WHAT IS NEEDED. Set down exactly the lines below between the line holding "Женщина с магазинной корзиной на белом фоне" and the line holding "1 Pieza. Mezcla", inclusive; no other line belongs in the answer.

↓

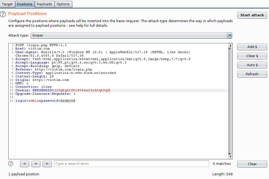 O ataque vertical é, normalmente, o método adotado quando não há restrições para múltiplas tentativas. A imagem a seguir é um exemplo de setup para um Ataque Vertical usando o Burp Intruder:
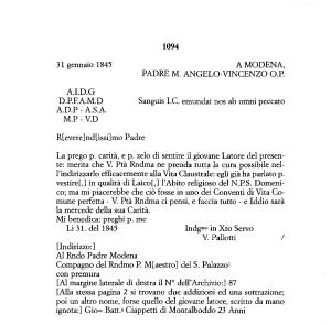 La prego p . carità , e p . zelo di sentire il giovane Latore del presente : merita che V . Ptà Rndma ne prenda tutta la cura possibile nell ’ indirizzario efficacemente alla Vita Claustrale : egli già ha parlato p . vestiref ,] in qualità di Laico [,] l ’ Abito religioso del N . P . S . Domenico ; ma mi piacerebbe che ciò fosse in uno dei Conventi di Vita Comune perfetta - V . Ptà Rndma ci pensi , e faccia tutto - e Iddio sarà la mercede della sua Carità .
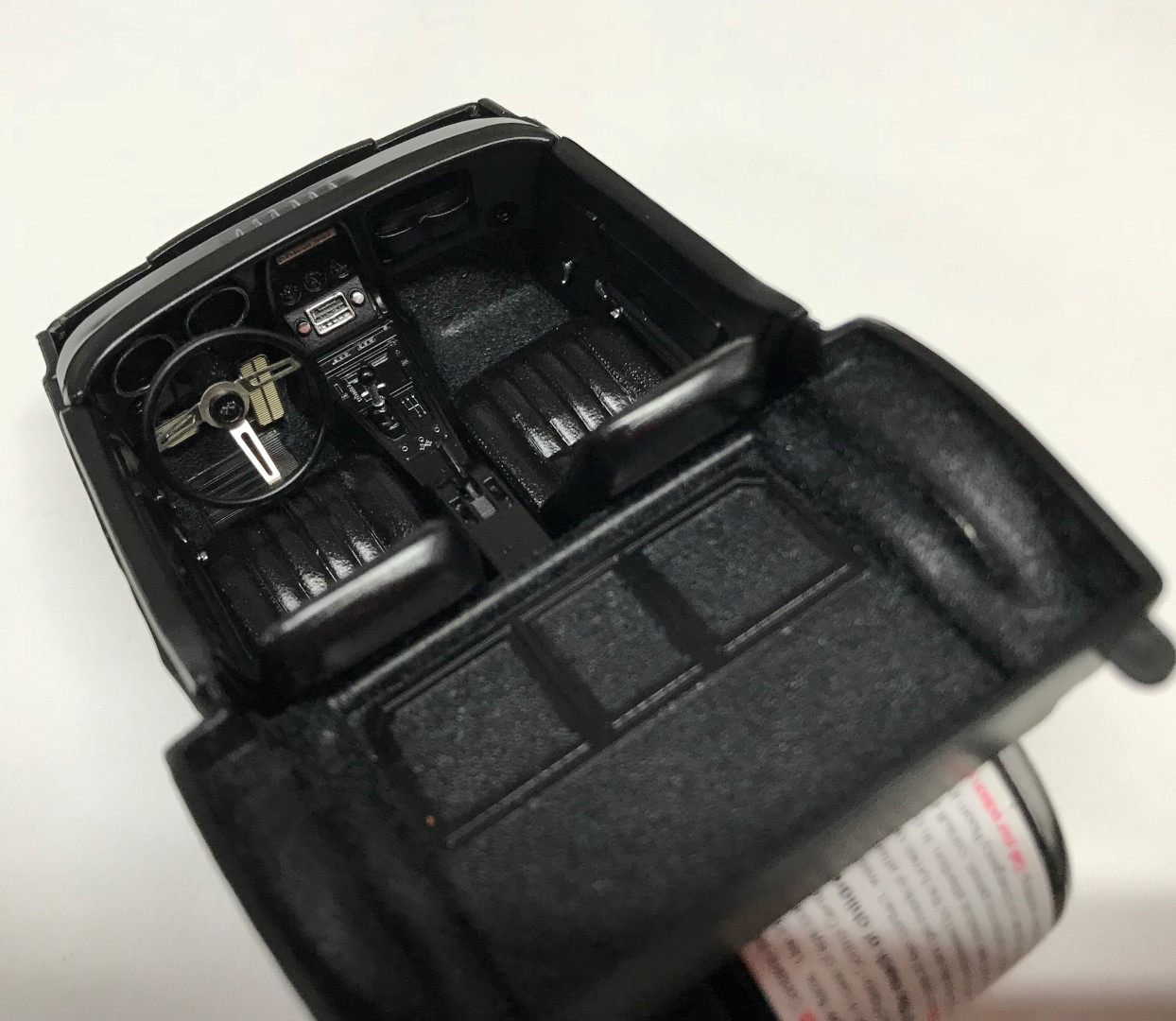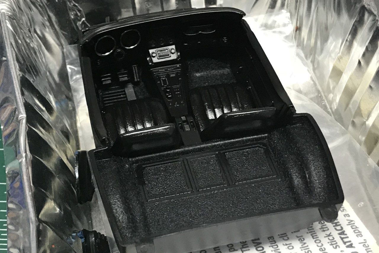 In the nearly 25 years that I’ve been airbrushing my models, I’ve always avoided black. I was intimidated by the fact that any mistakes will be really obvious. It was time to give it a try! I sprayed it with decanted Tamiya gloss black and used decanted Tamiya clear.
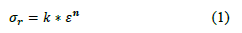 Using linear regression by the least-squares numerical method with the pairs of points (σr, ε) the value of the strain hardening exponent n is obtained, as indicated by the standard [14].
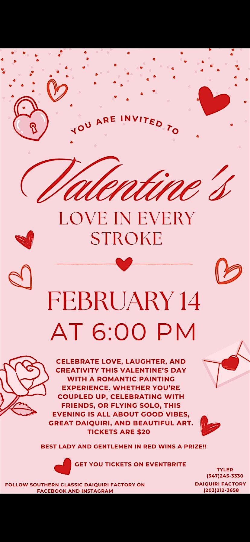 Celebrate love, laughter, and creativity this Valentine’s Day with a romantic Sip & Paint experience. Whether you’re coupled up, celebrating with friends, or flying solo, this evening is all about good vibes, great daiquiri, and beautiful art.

↑
↓

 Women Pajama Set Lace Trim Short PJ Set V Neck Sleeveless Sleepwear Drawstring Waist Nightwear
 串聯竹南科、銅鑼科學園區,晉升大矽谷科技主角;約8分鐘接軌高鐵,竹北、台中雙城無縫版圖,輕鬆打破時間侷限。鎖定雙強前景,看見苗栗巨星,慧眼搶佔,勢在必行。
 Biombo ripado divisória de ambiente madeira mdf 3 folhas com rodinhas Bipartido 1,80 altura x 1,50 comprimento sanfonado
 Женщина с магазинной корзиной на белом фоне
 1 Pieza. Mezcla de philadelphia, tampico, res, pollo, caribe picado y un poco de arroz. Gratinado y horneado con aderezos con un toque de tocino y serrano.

↑

SOLUTION FOR THIS EXERCISE.
 Женщина с магазинной корзиной на белом фоне
 1 Pieza. Mezcla de philadelphia, tampico, res, pollo, caribe picado y un poco de arroz. Gratinado y horneado con aderezos con un toque de tocino y serrano.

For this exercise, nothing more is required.